#### Task item:
With the pictures left out, reproduce exactly the lines from the one containing "Design a corner-specific" through the final line of the entries.

************

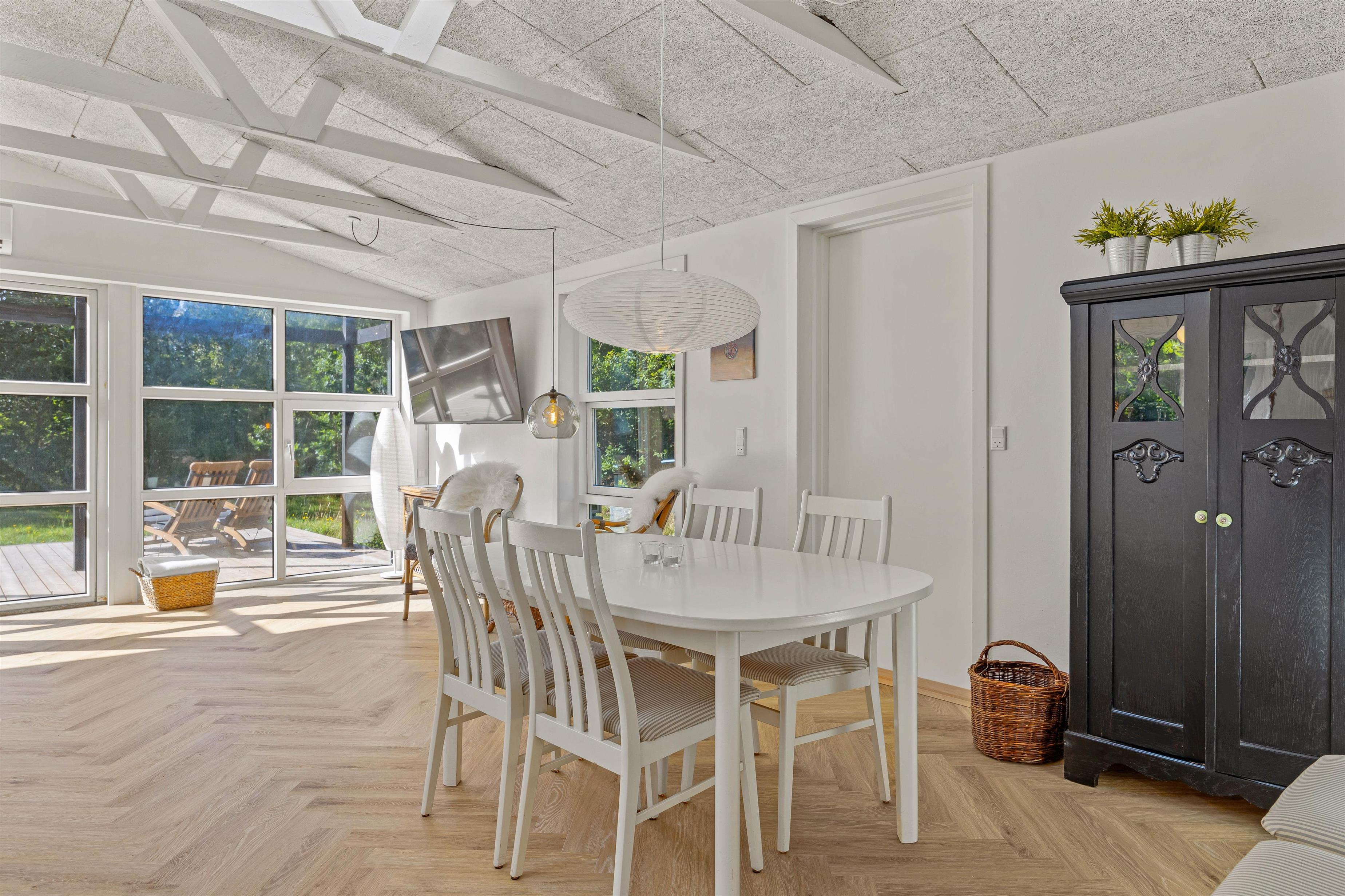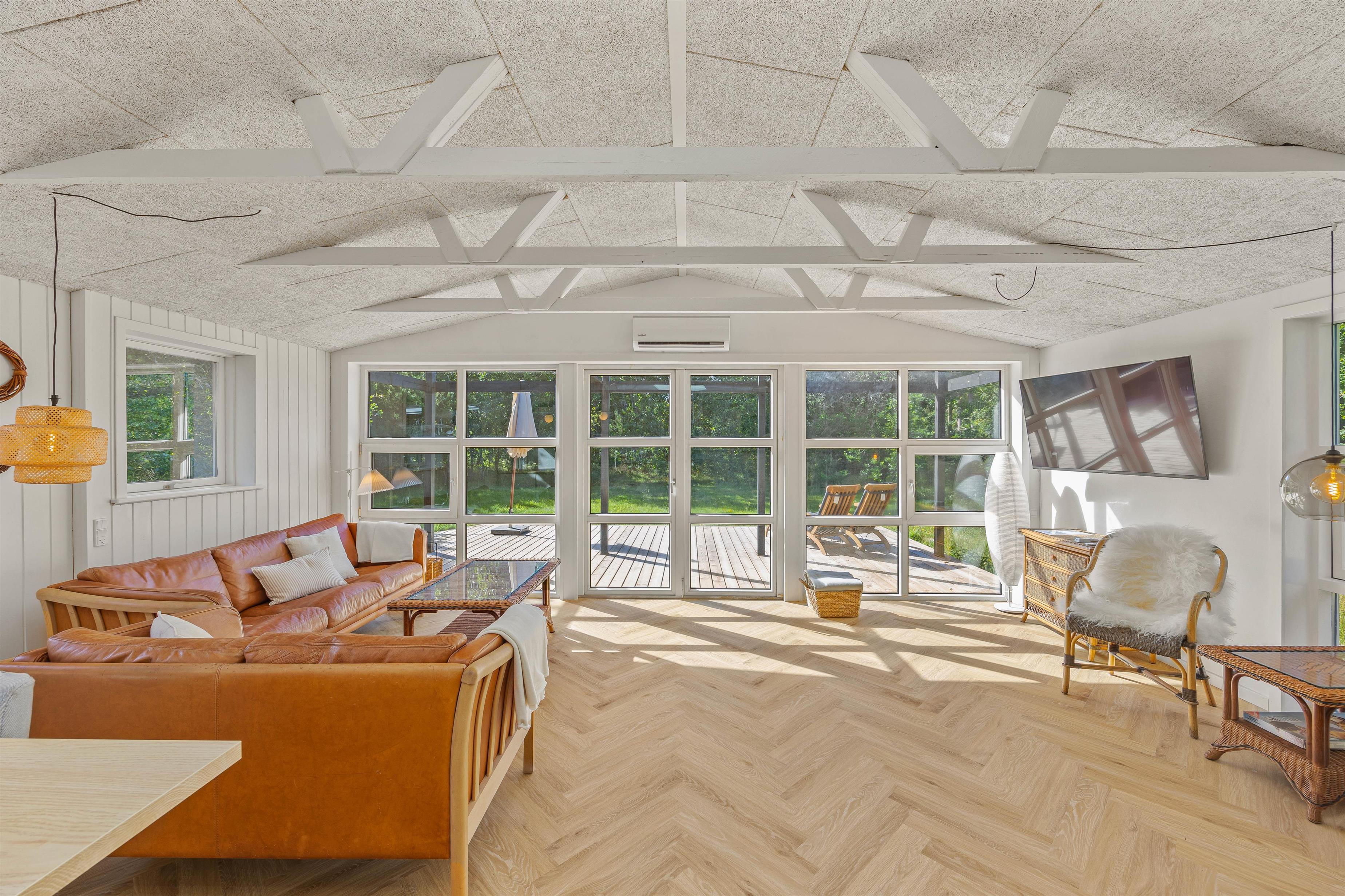 High ceilings, light flooring and white walls create a pleasant, light-filled atmosphere perfect for relaxation. Large windows flood the holiday home with natural light and offer beautiful views of the mature natural garden surrounded by tall pine trees. The comfortable sofa invites you to unwind - whether reading a book or enjoying a film night.
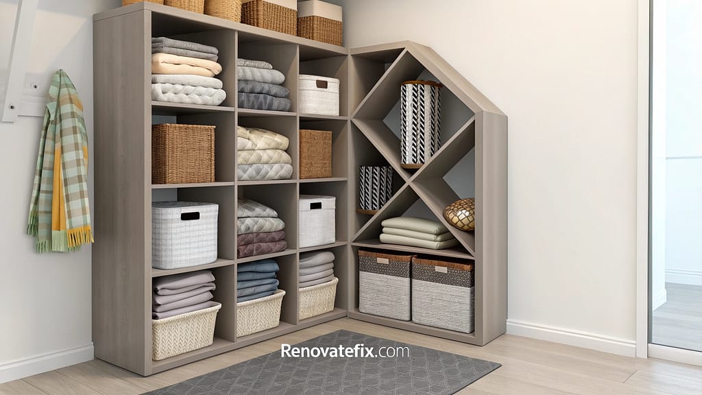 Design a corner-specific shelving system with varying cubby sizes accommodating different blanket dimensions.
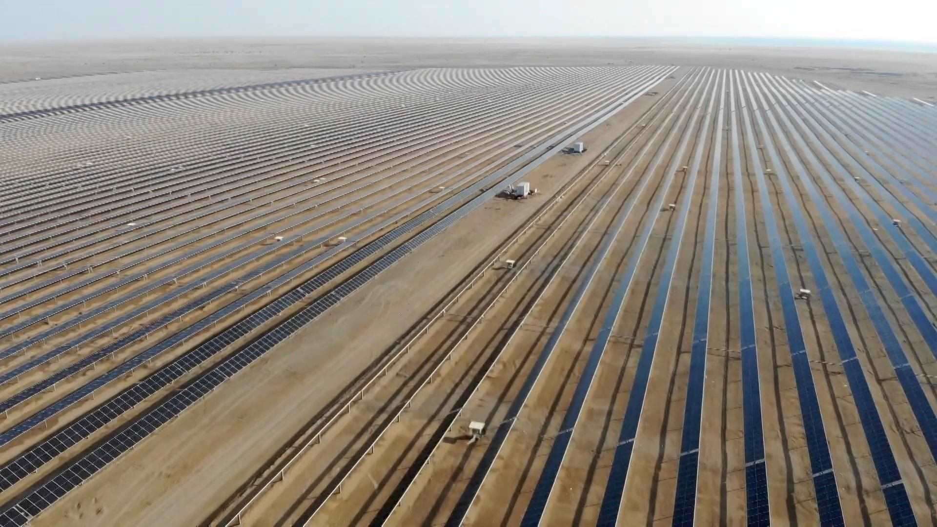 紅海之濱,中沙正攜手在沙漠里打造一座未來之城。紅海新城,是中沙在綠色低碳領域重點合作項目,未來這里的電力供應將100%來自清潔能源。在中國企業(yè)建設的其中一個光伏廠區(qū)內(nèi),4068排光伏板整齊排列,24小時不間斷為新城提供可再生能源。針對當?shù)厣硥m頻繁的天氣,中國企業(yè)還專門設計了自動清掃機器人。
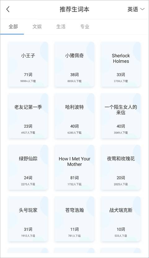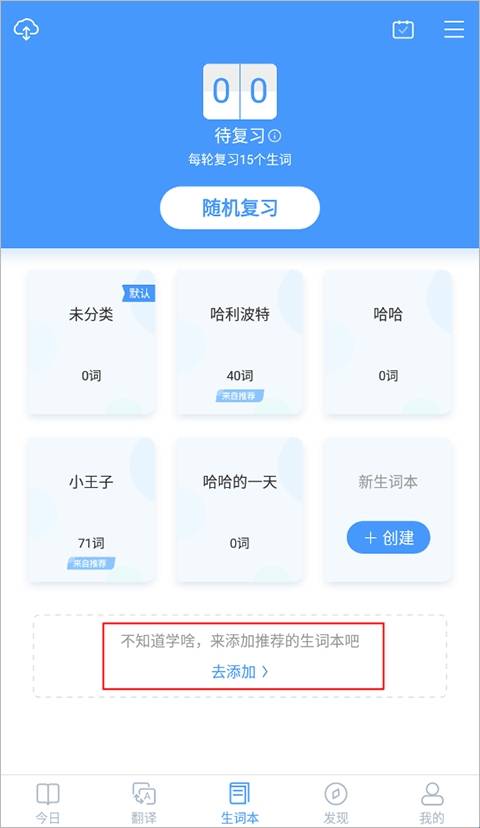 2、在推荐生词本页面选择添加的生词本。
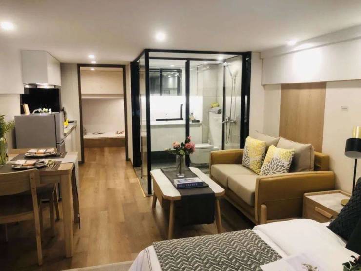 对于正在创业的客户来说,约41㎡双钥匙公寓也具有更大实用性:楼上用于居住,楼下可用作工作室等等;或者将一楼专门打造成为一个茶室、客厅用来工作或者与好友聚会。空间灵活多变,功能自在随心!
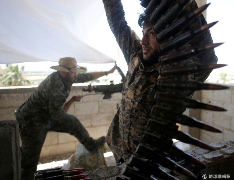 在敘利亞拉卡市(Raqqa),一名庫德人民保護聯盟(People's Protection Units,YPG)的戰士正在填充彈藥,準備為攻擊恐怖組織伊斯蘭國(IS)做好準備。

************

#### Result of the task:
 Design a corner-specific shelving system with varying cubby sizes accommodating different blanket dimensions.
 紅海之濱,中沙正攜手在沙漠里打造一座未來之城。紅海新城,是中沙在綠色低碳領域重點合作項目,未來這里的電力供應將100%來自清潔能源。在中國企業(yè)建設的其中一個光伏廠區(qū)內(nèi),4068排光伏板整齊排列,24小時不間斷為新城提供可再生能源。針對當?shù)厣硥m頻繁的天氣,中國企業(yè)還專門設計了自動清掃機器人。
 2、在推荐生词本页面选择添加的生词本。
 对于正在创业的客户来说,约41㎡双钥匙公寓也具有更大实用性:楼上用于居住,楼下可用作工作室等等;或者将一楼专门打造成为一个茶室、客厅用来工作或者与好友聚会。空间灵活多变,功能自在随心!
 在敘利亞拉卡市(Raqqa),一名庫德人民保護聯盟(People's Protection Units,YPG)的戰士正在填充彈藥,準備為攻擊恐怖組織伊斯蘭國(IS)做好準備。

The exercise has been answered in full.